Fight-or-Flight Fact Check

“Majority of Americans Would Stay and Fight if Russia Invaded U.S.,” read Newsweek’s headline for its report earlier this month about a Quinnipiac University poll.

Overall, “55 percent said they would stay and fight,” the article informed, “while 38 percent said they would flee the country, like the over 1.5 million people who have fled Ukraine as Russia continues its attack on Ukrainian cities and villages.”

The Quinnipiac survey asked, “If you were in the same position as Ukrainians are now, do you think that you would stay and fight or leave the country?”

“Looking at political affiliation,” Newsweek noted, “Republicans were more likely to say they would stay and fight, with 68 percent saying they would do so, as opposed to 40 percent of Democrats.”

Yet, weeks later, Newsweek delivered a fact check to readers concerning a claim made in a social media post: “60% of Democrats say they wouldn’t fight if America was invaded.”
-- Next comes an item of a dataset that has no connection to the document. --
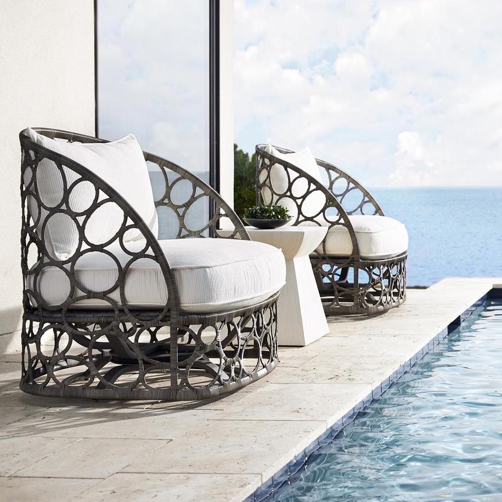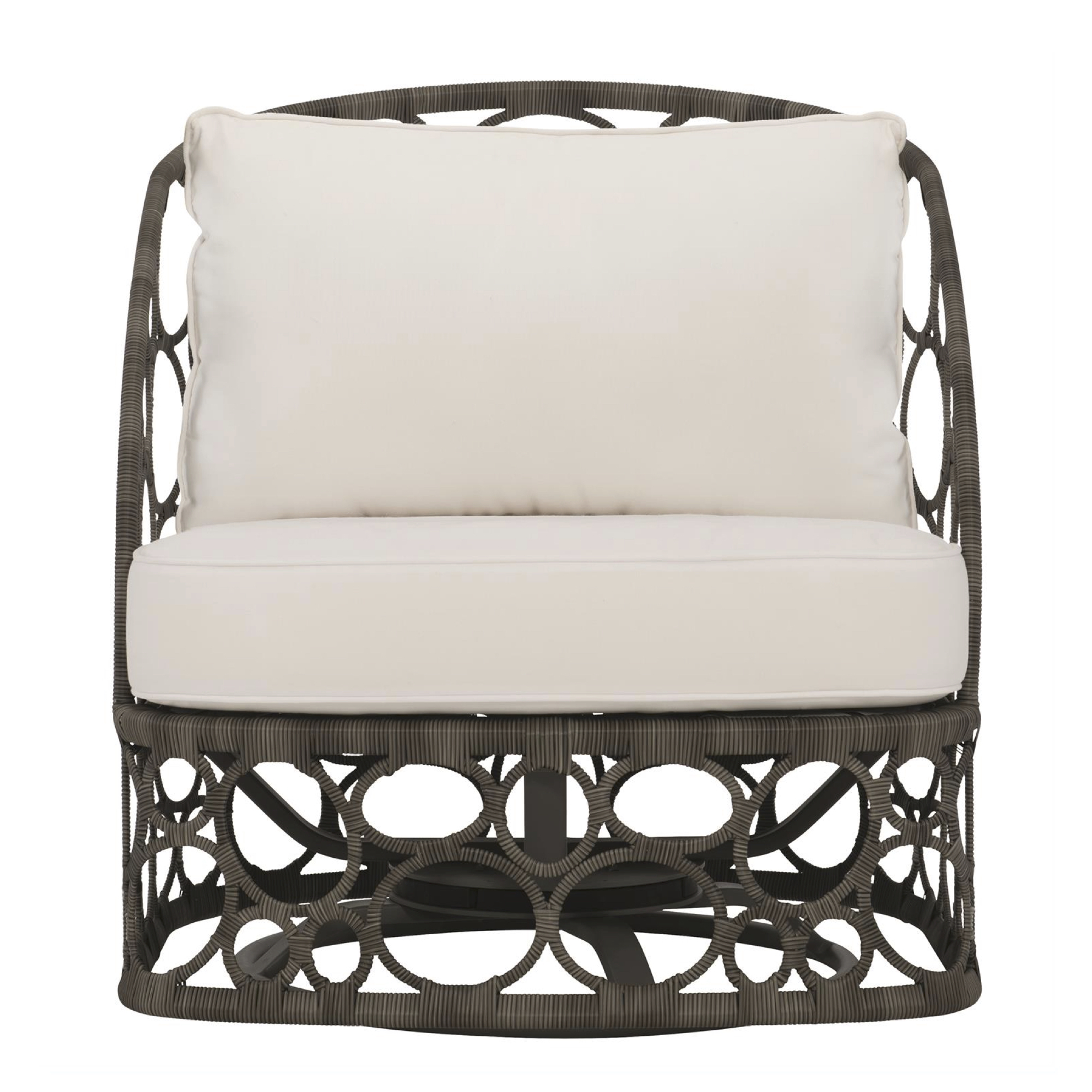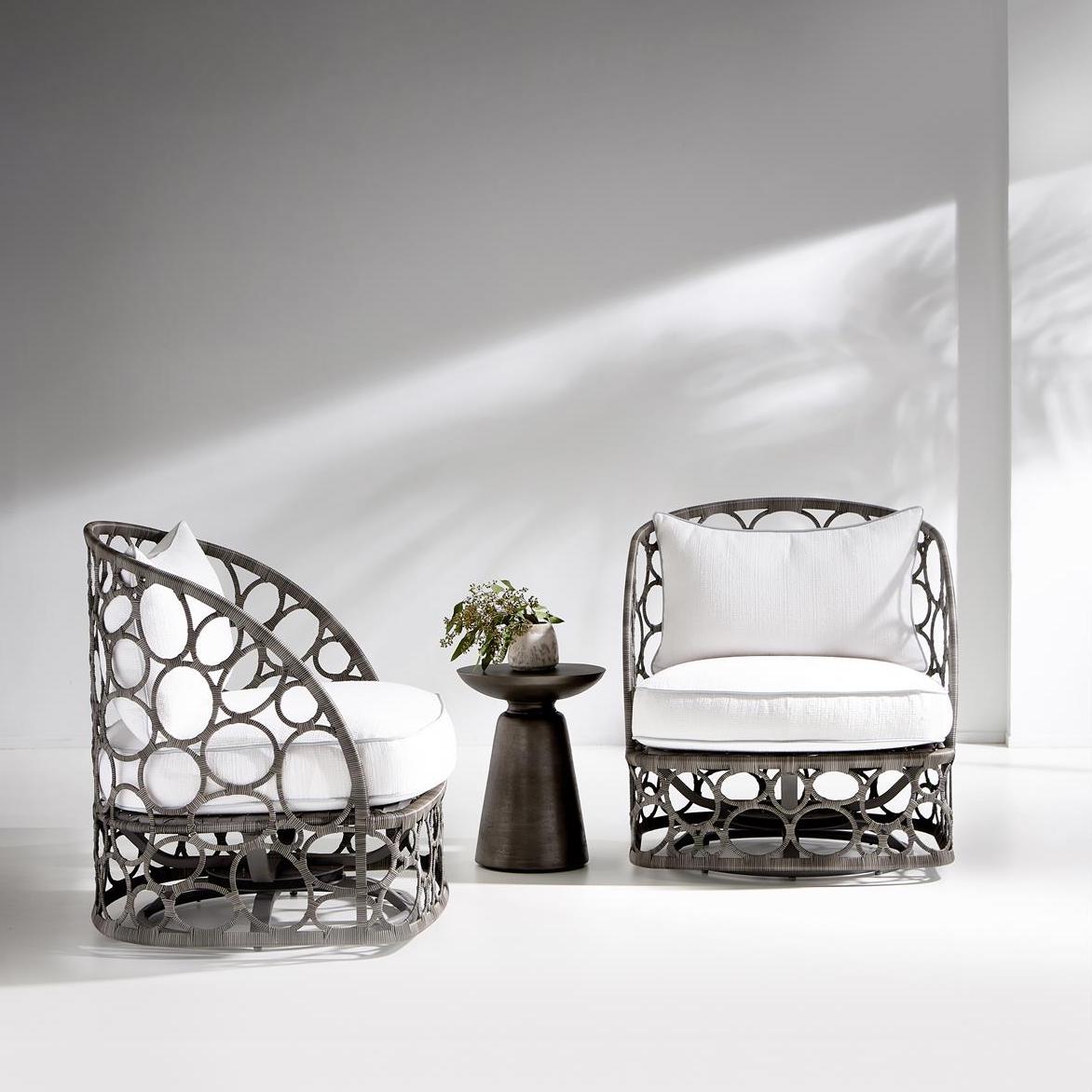 The Bali outdoor swivel chair is a masterpiece of expert craftsmanship and stunning design evoking the tropics. Its plush cushion and back pillow are nestled within a base and back constructed of split cane All-Weather Wicker featuring a circle-filled pattern. The aluminum swivel mechanism is discreetly concealed within the base.

Their fact-checker rated it false, because only 52 percent of Democrats said they would “leave,” with 8 percent not sure. Case-closed.

Yet, the fact-checker kept the case open, suggesting that perhaps folks had also misunderstood the question. “Indirect evidence” of this “can be surmised” by the response to another question: “If Russian President Vladimir Putin goes beyond Ukraine and attacks a NATO country, would you support or oppose a military response from the United States?

“In this hypothetical, 88 percent of Democrats were supportive of a military response,” the fact-checker noted, “more than both Independents (77 percent) and Republicans (82 percent).”

But hold on . . . supporting a military response by others, thousands of miles away, is not the same thing as deciding to personally fight an invading army.

It’s a fact. Check it.

This is Common Sense. I’m Paul Jacob.